● Exercise brief: Among the entries below, the lines from the one with "이제 피니시를 올려야하는데" up to and including the one with "- Define the" are to be restated exactly, without pictures.

● Listed records:
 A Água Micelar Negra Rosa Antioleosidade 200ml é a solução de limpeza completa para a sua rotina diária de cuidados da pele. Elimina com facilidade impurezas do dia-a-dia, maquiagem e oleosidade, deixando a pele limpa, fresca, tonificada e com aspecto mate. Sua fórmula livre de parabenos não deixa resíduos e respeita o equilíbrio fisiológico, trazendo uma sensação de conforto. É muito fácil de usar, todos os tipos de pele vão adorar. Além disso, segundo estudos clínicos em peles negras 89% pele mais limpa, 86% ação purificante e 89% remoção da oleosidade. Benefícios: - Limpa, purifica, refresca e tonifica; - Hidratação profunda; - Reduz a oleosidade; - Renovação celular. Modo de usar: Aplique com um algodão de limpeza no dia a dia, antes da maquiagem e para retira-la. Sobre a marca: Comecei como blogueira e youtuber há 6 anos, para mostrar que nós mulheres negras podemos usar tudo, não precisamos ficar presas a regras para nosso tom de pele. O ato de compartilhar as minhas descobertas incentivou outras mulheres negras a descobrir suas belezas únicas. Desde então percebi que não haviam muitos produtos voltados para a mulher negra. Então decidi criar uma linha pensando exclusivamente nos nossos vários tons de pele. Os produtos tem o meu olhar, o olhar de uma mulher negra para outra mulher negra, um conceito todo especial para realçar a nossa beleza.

* * *

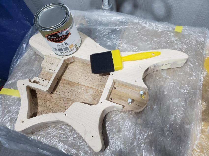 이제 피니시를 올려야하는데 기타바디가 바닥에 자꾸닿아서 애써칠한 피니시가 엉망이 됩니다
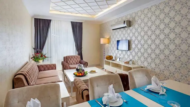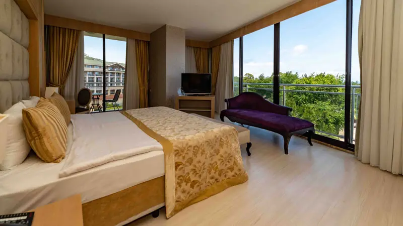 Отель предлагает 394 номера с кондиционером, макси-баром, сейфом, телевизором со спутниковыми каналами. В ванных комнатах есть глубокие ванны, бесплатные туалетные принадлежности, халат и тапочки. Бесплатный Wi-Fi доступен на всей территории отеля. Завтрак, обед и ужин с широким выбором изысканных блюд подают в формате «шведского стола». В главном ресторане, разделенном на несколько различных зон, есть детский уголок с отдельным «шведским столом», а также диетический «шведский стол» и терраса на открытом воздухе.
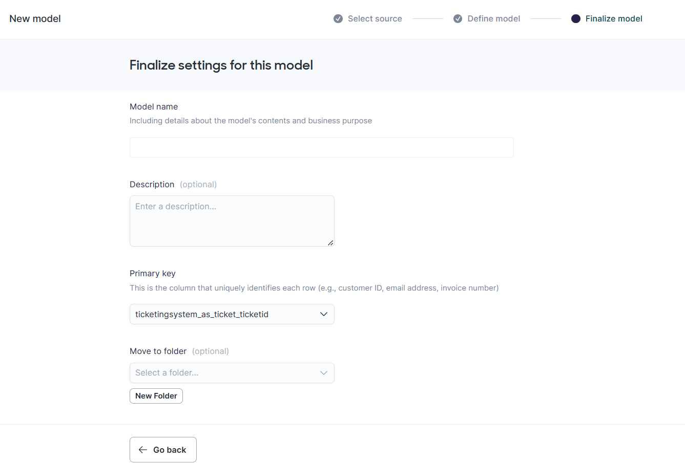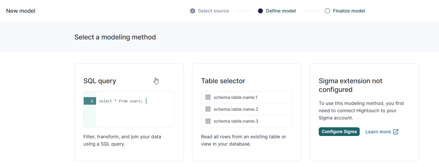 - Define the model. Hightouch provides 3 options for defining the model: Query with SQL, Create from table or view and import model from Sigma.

● Task answer:
 이제 피니시를 올려야하는데 기타바디가 바닥에 자꾸닿아서 애써칠한 피니시가 엉망이 됩니다
 Отель предлагает 394 номера с кондиционером, макси-баром, сейфом, телевизором со спутниковыми каналами. В ванных комнатах есть глубокие ванны, бесплатные туалетные принадлежности, халат и тапочки. Бесплатный Wi-Fi доступен на всей территории отеля. Завтрак, обед и ужин с широким выбором изысканных блюд подают в формате «шведского стола». В главном ресторане, разделенном на несколько различных зон, есть детский уголок с отдельным «шведским столом», а также диетический «шведский стол» и терраса на открытом воздухе.
 - Define the model. Hightouch provides 3 options for defining the model: Query with SQL, Create from table or view and import model from Sigma.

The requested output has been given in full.